▸ Records to use:
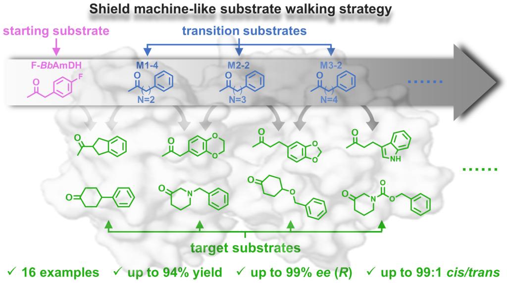 为了提高进化成功率并减轻筛选工作量,研究人员在传统底物行走策略的基础上,设计了一种使用多过渡底物的盾构机式底物行走策略。该策略的原理是基于底物分子尺寸的匹配性,选择一组苯环位于底物侧链末端且碳骨架规则延伸的单环芳香酮同系物作为过渡底物,利用过渡底物分子结构中苯环位置的逐步延伸来创造底物结合空间,以满足结构多样的稠环和连环酮底物结合的空间需求。研究人员以源于栗褐芽孢杆菌(Bacillus badius)的胺脱氢酶为出发酶,基于盾构机式底物行走策略对其进行底物特异性进化。以所选过渡底物的活性提高和特异性拓展为多尺度的筛选指标,从库容量仅为58株定点突变体的突变文库中筛选出9株阳性突变体。在未进行额外突变实验下,9株阳性突变体显示出显著拓展的稠环和连环酮底物范围,并以高达94%的产率和>99% ee (R)或>99:1顺式/反式实现系列高附加值手性稠环和连环胺的生物胺化制备。此外,基于酶-底物复合物结构的特征分析提供了对拓展底物特异性来源的分子见解。本研究展示了一种简洁的工程流程,可用于结构多样的底物集合的底物特异性快速进化,在酶工程中具有潜在的应用前景。
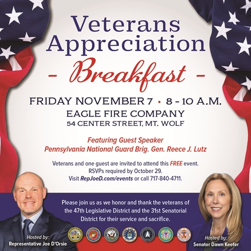 We’ve reached full seating capacity for this breakfast. If you’d like to be contacted if a spot opens, or to hear about future veterans events, please send us your information!
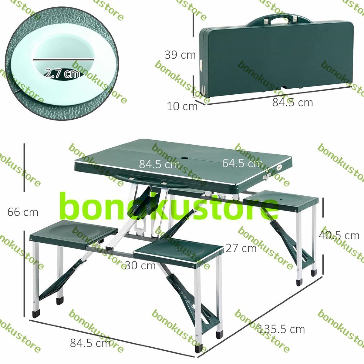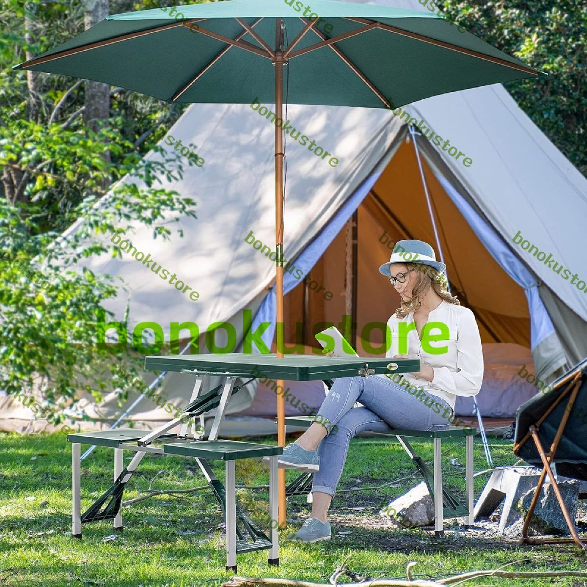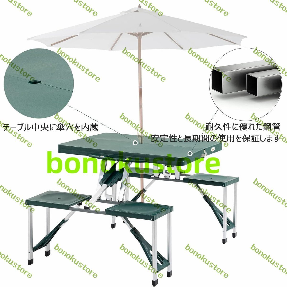 キャンプテーブルセット 折りたたみ 4人掛け アウトドア テーブル・チェア一体型 屋外 テーブルと椅子セット ピクニックテーブル 傘穴付き 軽量 ポータブル 組立簡単 持ち運び便利 BBQ ガーデン 屋外 キャンプ用品 グリーン
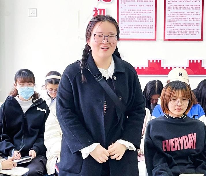 王飞就学风的内涵与学生进行了互动交流,他提出学风的四种形象以及大学生应具备的四种能力引发大家的思考,当代大学生不是“熬日子”“混日子”,而应是“过日子”“奔日子”,他希望学生们在大学中奔向自己的目标,为自己的理想而努力奋斗。而后,崔江宁对学院的学风建设工作提出要求。她指出,要充分认识学风建设的重要性,始终将学风建设作为一项重要工作抓牢抓实;以学院“十四五”规划为指导,通过打造学风建设品牌、提升考研率、发挥院级奖学金激励作用等方式方法,出实招见实效,积极构建学风建设工作体系;希望全体师生共同努力,推进我院学风建设再上新台阶。
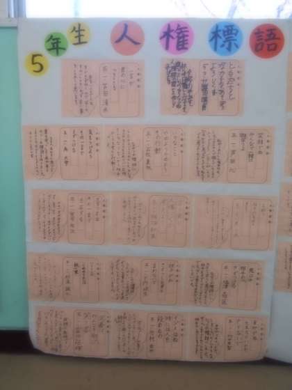 人権月間の取組で,人権標語を作成し,各クラスの前の廊下にけいじしてあります。
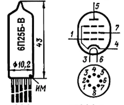 6П25Б-В сверхминиатюрный выходной пентод повышенной надежности предназначен для усиления мощности низкой частоты. По конструкции состоит из вакуумно-герметичной, жесткой оболочки, внутри которой отсутствует кислород.
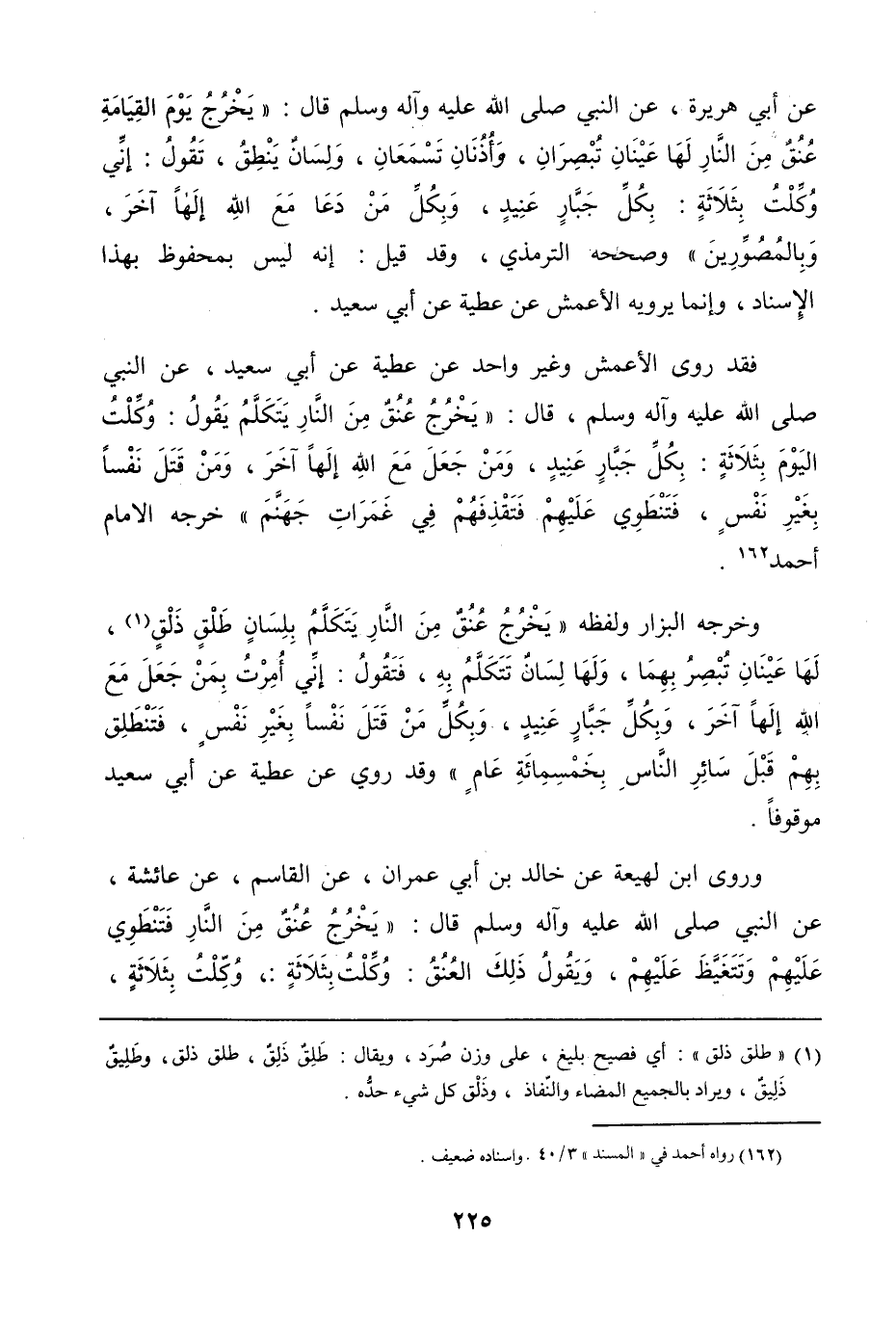 وقد قيل: إنه ليس بمحفوظ بهذا الإسناد، وإنما يرويه الأعمش، «عن عطية، عن أبي سعيد وغير واحد عن عطية، عن أبي سعيد، عن النبي صَلَّى اللهُ عَلَيْهِ وَآلِهِ وَسَلَّمَ، قال: يخرج عنق من النار يتكلم، يقول: وكلت اليوم بثلاثة: بكل جبار عنيد، ومن جعل مع الله إلهاً آخر، ومن قتل نفساً بغير نفس، فتنطوي عليهم، فتقذفهم في غمرات جهنم» .

▸ Exercise aim:
For this step, transcribe all the material above exactly and drop the images.

▸ Solution:
 为了提高进化成功率并减轻筛选工作量,研究人员在传统底物行走策略的基础上,设计了一种使用多过渡底物的盾构机式底物行走策略。该策略的原理是基于底物分子尺寸的匹配性,选择一组苯环位于底物侧链末端且碳骨架规则延伸的单环芳香酮同系物作为过渡底物,利用过渡底物分子结构中苯环位置的逐步延伸来创造底物结合空间,以满足结构多样的稠环和连环酮底物结合的空间需求。研究人员以源于栗褐芽孢杆菌(Bacillus badius)的胺脱氢酶为出发酶,基于盾构机式底物行走策略对其进行底物特异性进化。以所选过渡底物的活性提高和特异性拓展为多尺度的筛选指标,从库容量仅为58株定点突变体的突变文库中筛选出9株阳性突变体。在未进行额外突变实验下,9株阳性突变体显示出显著拓展的稠环和连环酮底物范围,并以高达94%的产率和>99% ee (R)或>99:1顺式/反式实现系列高附加值手性稠环和连环胺的生物胺化制备。此外,基于酶-底物复合物结构的特征分析提供了对拓展底物特异性来源的分子见解。本研究展示了一种简洁的工程流程,可用于结构多样的底物集合的底物特异性快速进化,在酶工程中具有潜在的应用前景。
 We’ve reached full seating capacity for this breakfast. If you’d like to be contacted if a spot opens, or to hear about future veterans events, please send us your information!
 キャンプテーブルセット 折りたたみ 4人掛け アウトドア テーブル・チェア一体型 屋外 テーブルと椅子セット ピクニックテーブル 傘穴付き 軽量 ポータブル 組立簡単 持ち運び便利 BBQ ガーデン 屋外 キャンプ用品 グリーン
 王飞就学风的内涵与学生进行了互动交流,他提出学风的四种形象以及大学生应具备的四种能力引发大家的思考,当代大学生不是“熬日子”“混日子”,而应是“过日子”“奔日子”,他希望学生们在大学中奔向自己的目标,为自己的理想而努力奋斗。而后,崔江宁对学院的学风建设工作提出要求。她指出,要充分认识学风建设的重要性,始终将学风建设作为一项重要工作抓牢抓实;以学院“十四五”规划为指导,通过打造学风建设品牌、提升考研率、发挥院级奖学金激励作用等方式方法,出实招见实效,积极构建学风建设工作体系;希望全体师生共同努力,推进我院学风建设再上新台阶。
 人権月間の取組で,人権標語を作成し,各クラスの前の廊下にけいじしてあります。
 6П25Б-В сверхминиатюрный выходной пентод повышенной надежности предназначен для усиления мощности низкой частоты. По конструкции состоит из вакуумно-герметичной, жесткой оболочки, внутри которой отсутствует кислород.
 وقد قيل: إنه ليس بمحفوظ بهذا الإسناد، وإنما يرويه الأعمش، «عن عطية، عن أبي سعيد وغير واحد عن عطية، عن أبي سعيد، عن النبي صَلَّى اللهُ عَلَيْهِ وَآلِهِ وَسَلَّمَ، قال: يخرج عنق من النار يتكلم، يقول: وكلت اليوم بثلاثة: بكل جبار عنيد، ومن جعل مع الله إلهاً آخر، ومن قتل نفساً بغير نفس، فتنطوي عليهم، فتقذفهم في غمرات جهنم» .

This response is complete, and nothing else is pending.